OK, on to this month’s issue. My Historical Essay on the Duke Ellington/Billy Strayhorn LP “Such Sweet Thunder” took several months to research and write, and I’m quite proud of the final work. It’s a large essay (over 4000 words) and the first Historical Essay to discuss a single album, but what a record this is! The closer I examined this remarkable suite of Shakespeare-inspired pieces, the more impressed I became. I hope you’ll enjoy the essay, and join me in encouraging Sony Music to issue a definitive edition of this amazing work.
This month’s Retro Review covers Miles Davis’ 1955-1975 performances at the Newport Jazz Festival. The new 4-CD box presents the material in chronological order, but I decided to write about the concerts in reverse order. This method led me to some interesting conclusions and helped define Davis’ music as he and his sidemen transformed it over the years. Even those who dislike Davis’ experiments with rock and soul will find plenty to enjoy here. In the Book Review section, I explore the memoirs of jazz critic John F. Goodman, who is best known for his 2012 book, “Mingus Speaks”, but was known before that as the music critic for Playboy magazine. His book, “Jive Colored Glasses” contains fascinating stories about several jazz legends (including Louis Armstrong & His All-Stars, who played a concert at the Goodman home in 1950).
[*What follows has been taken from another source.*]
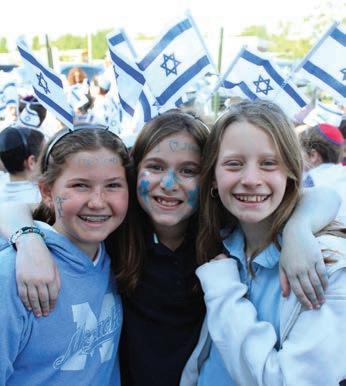 Fourth graders Orly Shoag, from left, Orli Teller and Eliana Cusner celebrate at the Yom Ha’atzmaut parade

This month’s vocal CD reviews spotlight three wonderful vocalists with distinctive sounds and approaches. Dee Dee Bridgewater’s album with Irvin Mayfield and the New Orleans Jazz Orchestra is an instant classic, and the albums by Lainie Cooke and Joanna Pascale are strong efforts worthy of your attention. On the instrumental side, we feature two albums where three saxophonists are showcased. Notably, these albums–led by pianist David Berkman and drummer Jerry Granelli respectively–display completely different approaches to comparing these fine musicians.
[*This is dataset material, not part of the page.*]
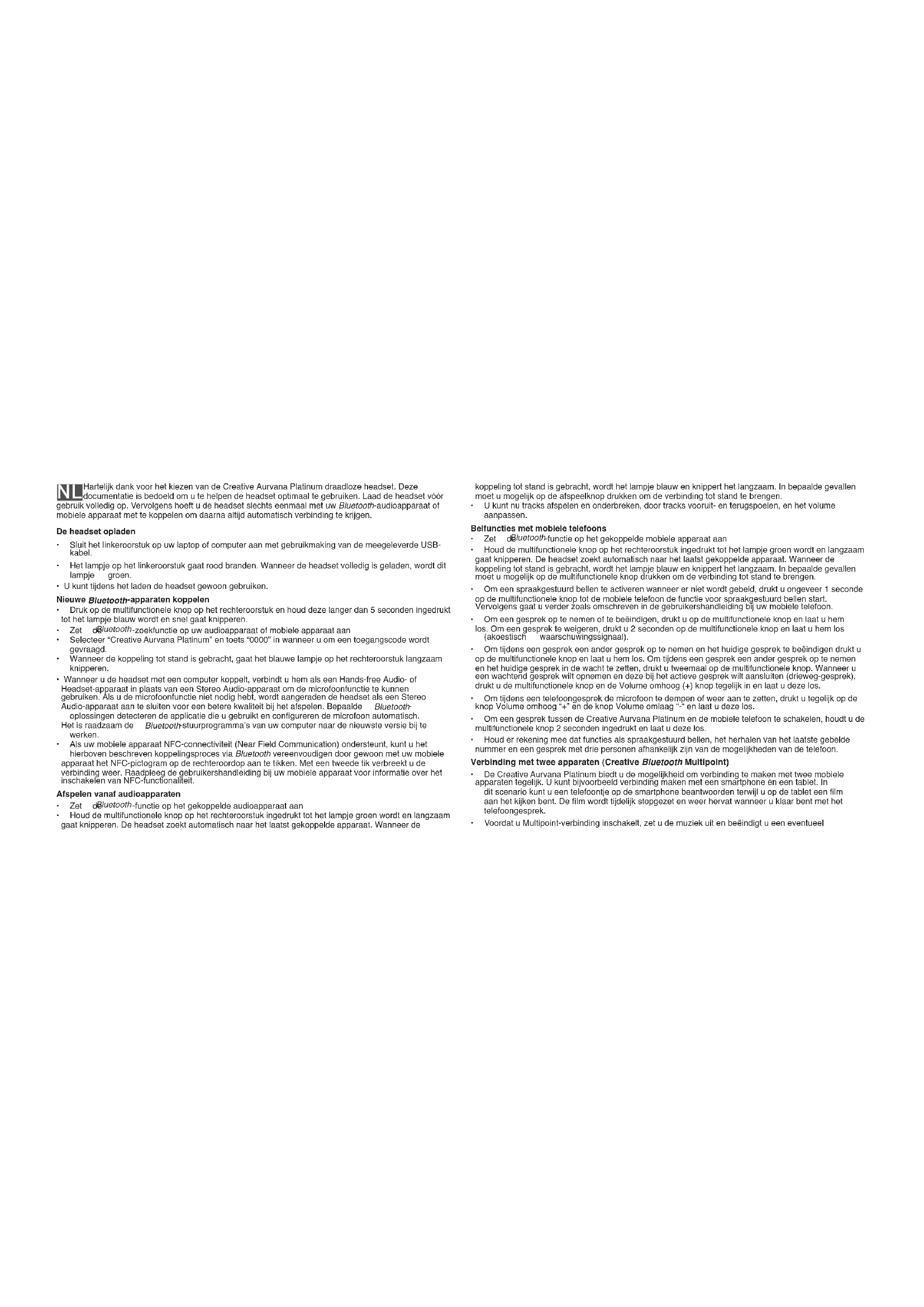 (Near Field Communication) Toca aquí los dispositivos móviles que admiten NFC para establecer la sincronización y conexión Bluetooth. Vuelve a tocar para fi nalizar la conexión.NL Hartelijk dank voor het kiezen van de Creative Aurvana Platinum draadloze headset. Deze documentatie is bedoeld om u te helpen de headset optimaal te gebruiken. Laad de headset vóór gebruik volledig op. Vervolgens hoeft u de headset slechts eenmaal met uw Bluetooth-audioapparaat of mobiele apparaat met te koppelen om daarna altijd automatisch verbinding te krijgen. De headset opladen

Over the past few months, I’ve promised a review of the latest Swingle Singers album. I received the CD a few weeks ago, but decided that it’s content was too far removed from jazz to warrant coverage here. To be sure, it is exquisitely sung, and filled with remarkable music. But despite the presence of a few notable jazz musicians (and a sample of Billie Holiday), the music is closer to contemporary pop. If you are a Swingles fan, you will doubtlessly want to own “Deep End” and I encourage you to purchase it. My enthusiasm for the group remains undimmed, but I could not reconcile reviewing a non-jazz album here when so many worthy jazz releases vie for my attention. The album is listed in the Swingle Discography.